* [Exercise aim]
All that is wanted is the exact lines from the first line of the data below through the line with "中粮-中茶普洱茶2018年勐", both ends included, with pictures omitted.

───── Extracted material ─────

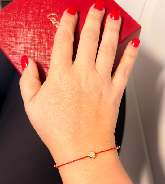 BRACELET RED STRING ADJUSTABLE MOISSANITE
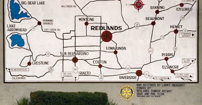 Mural funded by Redlands Sunrise Rotary. Originally designed by Dave and Phil Clem and restored by Larry Dierdorff in 2014. Located at 76 Station on Redlands Blvd.
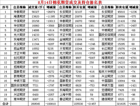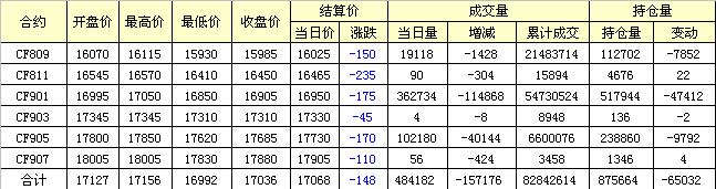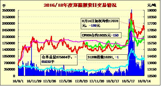 8月14日隔夜鄭棉反彈,今日早盤在平倉盤壓制下走低,隨后低位震蕩,日線形成小陰線。日內(nèi)成交量萎縮,持倉量減少。基本面情況:據(jù)美國農(nóng)業(yè)部(USDA)統(tǒng)計,截至8月12日美棉新花現(xiàn)蕾率96%,與去年同期持平和近五年平均相比均稍顯落后。新花結(jié)鈴率77%,與去年同期持平,但略落后于近五年平均。新花吐絮率13%,較去年同期及近五年平均均領(lǐng)先。
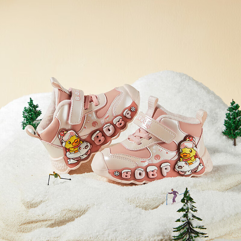 B.Duck【5折】B.Duck小黄鸭童鞋女童棉鞋冬季新款男童保暖运动鞋二棉宝 粉色 22 码 适合脚长12.4-12.9cm
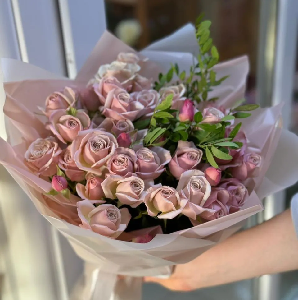 Букет из розовых кустовых роз — это настоящий символ нежности и утонченности. Каждая роза в этом букете словно искусно создана природой: ее многослойные лепестки излучают мягкий блеск, а их оттенок варьируется от светлого пастельно-розового до насыщенно-ягодного. Такие розы обладают выразительной форме и изящным ароматом, который наполняет пространство тонкими нотами весенней свежести.
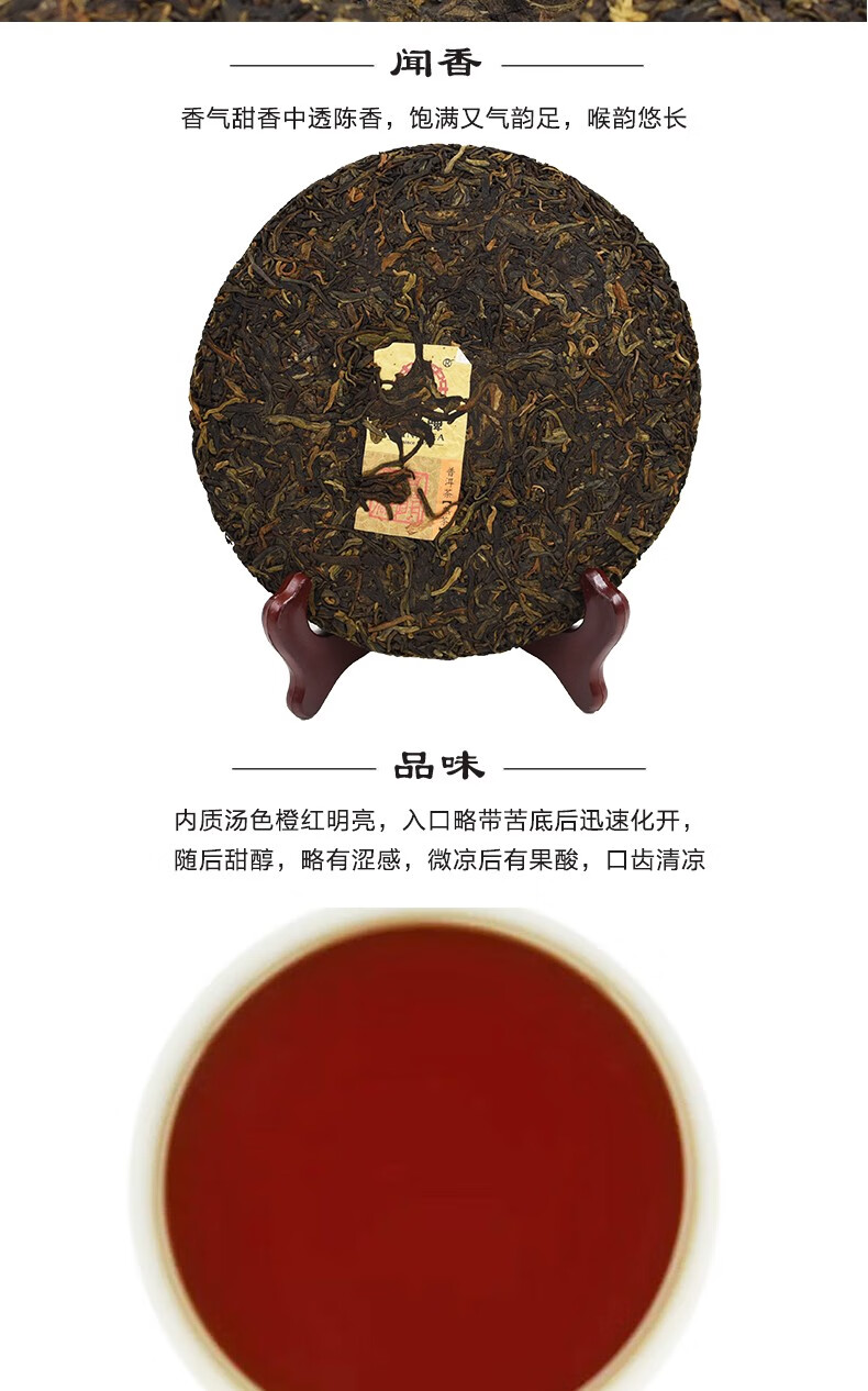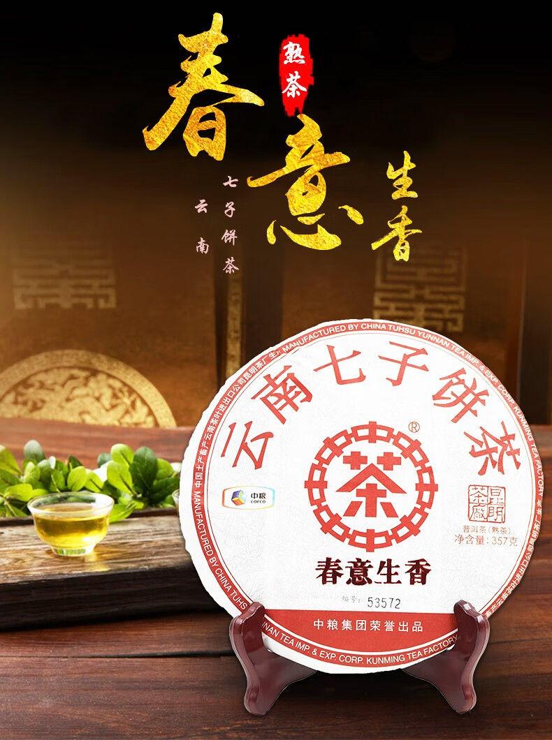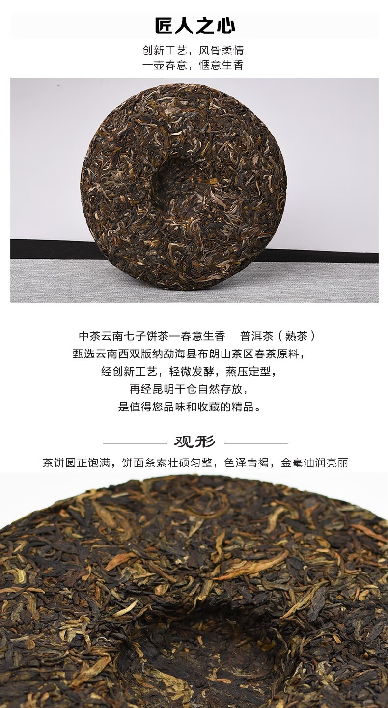 中粮-中茶普洱茶2018年勐海布朗春意生香轻发酵普洱茶熟普云南七子饼357g/云南干仓直发
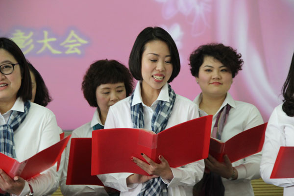 在学校的表彰会上,我院党总支书记高亭代表全院女教师从校党委书记陆建非手中接受了奖牌。更加值得一提的是,我院全体女教师朗诵的由我院女教授、博导翁敏华连夜创作、院长赵炳翔即兴策划构思、副院长邱乙哲导演、播音与主持专业刘阳、王宇、姜杉三位女教授领诵的《我赞美,节日里的巾帼群英》震惊了全场,女教师们身着由院工会主席连颖、委员王梅购置的白衬衫、系上五颜六色的围巾,激情讴歌在自身及周围平凡岗位上作出不平凡成绩的女教职工们,展现了积极向上的精神风貌。为了展示出我院女教师最亮丽美好的精神状态,全体女教师在繁忙的教学科研、艺术实践、照顾家庭之中挤出时间,克服困难,认真排练,除了出国访学、怀孕产假的女教师,一位也没有缺席。
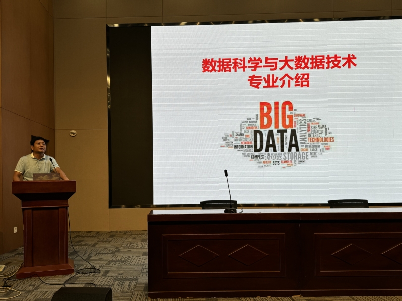 数据科学与大数据技术教研室主任孙青介绍了该专业的培养目标,向同学们展示了基础课程、专业课程和特色课程相结合“三位一体”的课程体系,并从大数据专业的来源、用途以及未来的发展前景等方面入手,介绍了本专业的人才需求和就业定位。
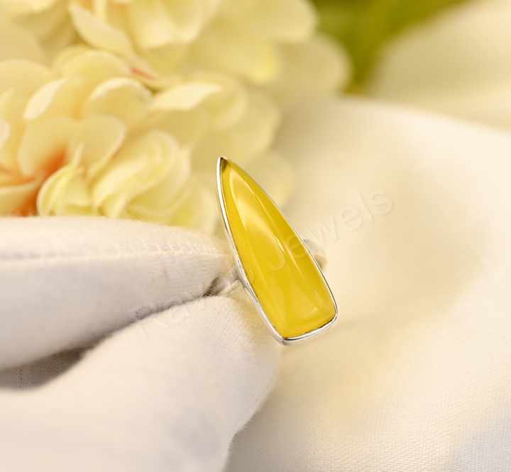 Product name:925 Sterling Silver Yellow Chalcedony Quartz Gemstone Ring
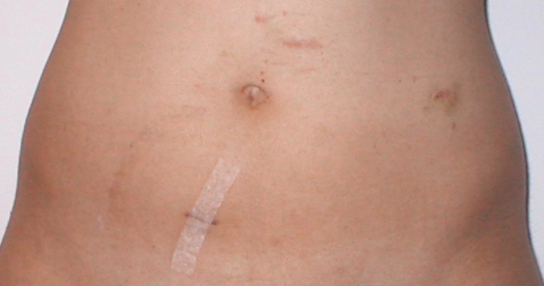 Foto evidenciando cicatrizes cirúrgicas pequenas pós colectomia realizada por câncer do intestino grosso.
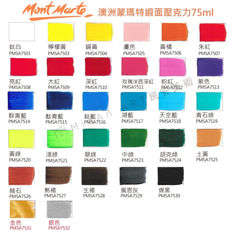 ★民安美術 澳洲 Mont Marte 蒙瑪特 蒙馬特 壓克力顏料 75ml 丙烯 緞面壓克力 31色 乾後防水 @70
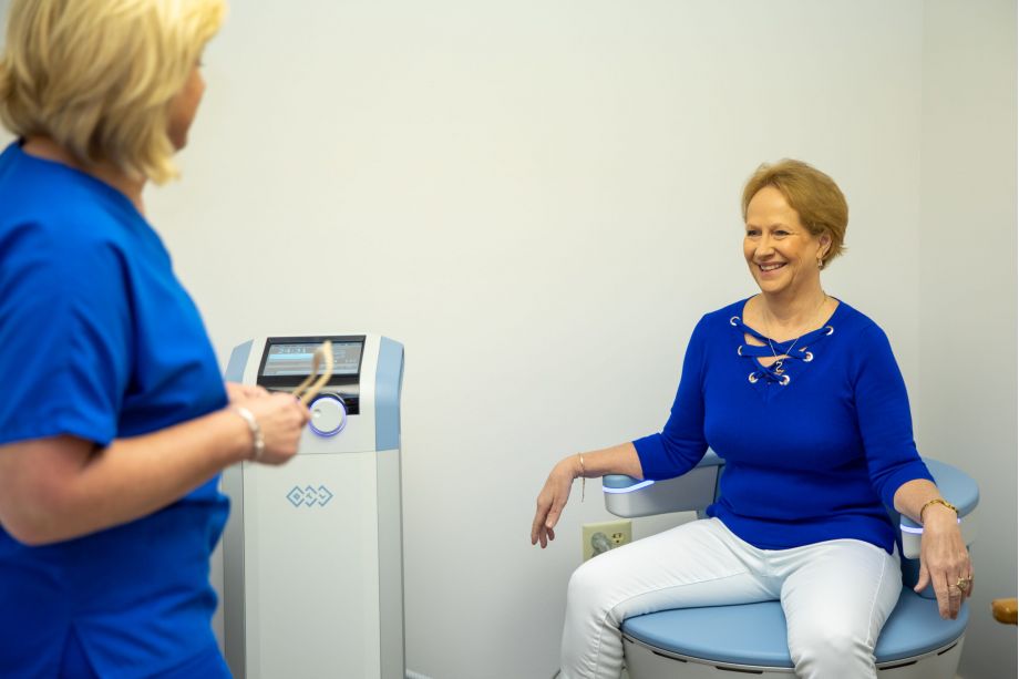 BTL EMSella is a non-surgical, non-invasive treatment for stress urinary incontinence and urge incontinence. The treatment is delivered by comfortably sitting in an ergonomic chair fully clothed, where electromagnetic technology penetrates the targeted tissues of the pelvic floor and stimulates the muscles, building up muscle strength and restoring the support for the pelvic organs. In doing so, the pelvic floor muscles are strengthened and improved dramatically, the vaginal walls are tightened, urinary and urge incontinence is decreased and sexual satisfaction is increased. BTL EMSella is so powerful, during one short 28-minute treatment, BTL EMSella will provoke 11,700 contractions, which is equivalent to performing 11,700 Kegel exercises that contracts the pelvic floor muscles more powerfully than you can!

─────

* [Reply to the task]
 BRACELET RED STRING ADJUSTABLE MOISSANITE
 Mural funded by Redlands Sunrise Rotary. Originally designed by Dave and Phil Clem and restored by Larry Dierdorff in 2014. Located at 76 Station on Redlands Blvd.
 8月14日隔夜鄭棉反彈,今日早盤在平倉盤壓制下走低,隨后低位震蕩,日線形成小陰線。日內(nèi)成交量萎縮,持倉量減少。基本面情況:據(jù)美國農(nóng)業(yè)部(USDA)統(tǒng)計,截至8月12日美棉新花現(xiàn)蕾率96%,與去年同期持平和近五年平均相比均稍顯落后。新花結(jié)鈴率77%,與去年同期持平,但略落后于近五年平均。新花吐絮率13%,較去年同期及近五年平均均領(lǐng)先。
 B.Duck【5折】B.Duck小黄鸭童鞋女童棉鞋冬季新款男童保暖运动鞋二棉宝 粉色 22 码 适合脚长12.4-12.9cm
 Букет из розовых кустовых роз — это настоящий символ нежности и утонченности. Каждая роза в этом букете словно искусно создана природой: ее многослойные лепестки излучают мягкий блеск, а их оттенок варьируется от светлого пастельно-розового до насыщенно-ягодного. Такие розы обладают выразительной форме и изящным ароматом, который наполняет пространство тонкими нотами весенней свежести.
 中粮-中茶普洱茶2018年勐海布朗春意生香轻发酵普洱茶熟普云南七子饼357g/云南干仓直发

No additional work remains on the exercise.